Affiliations and Expertise
ICMCB-CNRS University of Bordeaux, Pessac Cedex, France
About the Editors
Olga V. Boltalina
Olga Boltalina, PhD
Senior Research Associate and Co-Principal Investigator, Department of Chemistry, Colorado State University
Dr. Boltalina received her M.S. (1982) and Ph.D. (1990) degrees in Physical Chemistry from Moscow State University (MSU), Russia, working with Lev Sidorov. She earned her D.Sci. degree (i.e. Doctor Nauk [aka Habilitation]) from MSU in 1998. She retired as Professor of Physical Chemistry from MSU in 2005 after having supervised 11 Ph.D. and 10 M.S. students. She is now a Senior Research Scientist at Colorado State University where she works with Dr. Steven Strauss; shares contracts, grants, and laboratories; and co-advises their joint graduate and undergraduate research students. Dr. Boltalina is an author of ca. 250 publications, several book chapters, and several patents and patent applications. She has received the MSU Lomonosov Prize, an Alexander von Humboldt (AvH) Freidrich Bessel Award, two additional AvH Research Fellowships, a Japan Society for the Promotion of Science Fellowship, and a Royal Society of Chemistry Research Award.
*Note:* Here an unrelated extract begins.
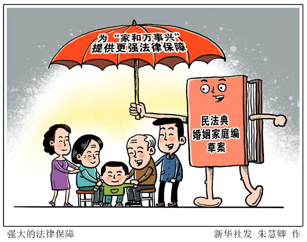 常言道:“家和萬(wàn)事興”。個(gè)人婚姻家庭關(guān)系的和睦與否,與全社會(huì)的和諧穩(wěn)定息息相關(guān)。從注重“家風(fēng)”建設(shè),到加大權(quán)益保護(hù)力度,即將提請(qǐng)全國(guó)人代會(huì)審議的民法典草案,是我國(guó)婚姻家庭立法進(jìn)程中的重要里程碑。
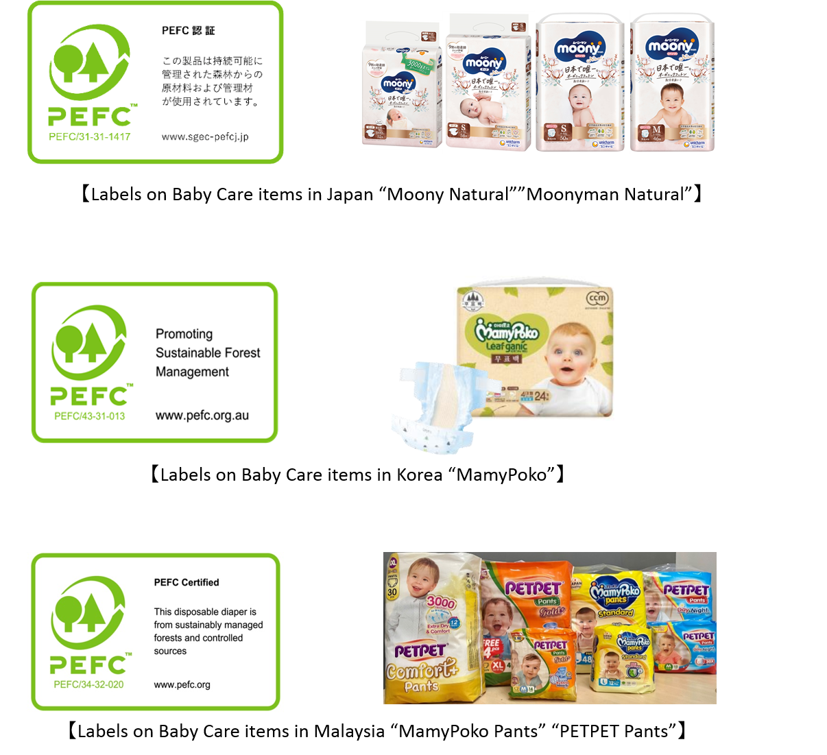 Amongst the products produced in factories acquiring PEFC CoC certification, PEFC certification labels are on baby care diapers “Moony Natural” and “Moonyman Natural” in Japan and “MamyPoko Pants” and “PETPET Pants” in Malaysia.

Her current research interests include the rational design of fluorinated and perfluoroalkylated fullerenes and related carbon materials for specific optoelectronic, energy conversion, energy storage, and biomedical applications.
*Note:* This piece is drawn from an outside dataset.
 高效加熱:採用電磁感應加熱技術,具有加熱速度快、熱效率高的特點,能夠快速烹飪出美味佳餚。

Affiliations and Expertise
Colorado State University, Fort Collins, Colorado, USA
Tsuyoshi Nakajima
Tsuyoshi Nakajima is Professor in the Department of Applied Chemistry, Aichi Institute of Technology in Japan. He has worked on fluorine chemistry and electrochemistry (that is, fluorinated materials) for primary and rechargeable lithium batteries, and fluorine-, fluoride-, or oxyfluoride-graphite intercalation compounds. Li/(CF)n battery is the first primary lithium battery commercialized on the basis of the research on graphite fluoride which was performed in his laboratory at Kyoto University. His research was on the discharge mechanism of Li/(CF)n battery and synthesis of graphite fluoride, (CF)n with excellent discharge performance. The importance of carbon-fluorine compounds as battery materials was first recognized by graphite fluoride cathode of Li/(CF)n battery. Furthermore, new graphite anode for electrolytic production of fluorine gas was developed on the basis of his work on fluorine-graphite intercalation compound with high electrical conductivity. Recently. his research interest is on the application of fluorine chemistry to rechargeable lithium batteries. Fluorination techniques were applied to surface modification of graphite anode which increases the capacities of graphite anode and enables the low temperature operation of lithium ion battery. For the application of lithium ion battery using flammable organic solvents to electric sources of hybrid and electric vehicles, high safety is the most important issue. He has found that organo-fluorine compounds are excellent new solvents with high oxidation stability (that is, high safety for rechargeable lithium batteries). He published about 230 papers and 24 books. In academic societies, he served as chairman of JSPS 155th Committee on Fluorine Chemistry; The Society of Fluorine Chemistry, Japan; Executive Committee of Carbon Society of Japan; and Regional Editor and Editorial Board of J. Fluorine Chemistry.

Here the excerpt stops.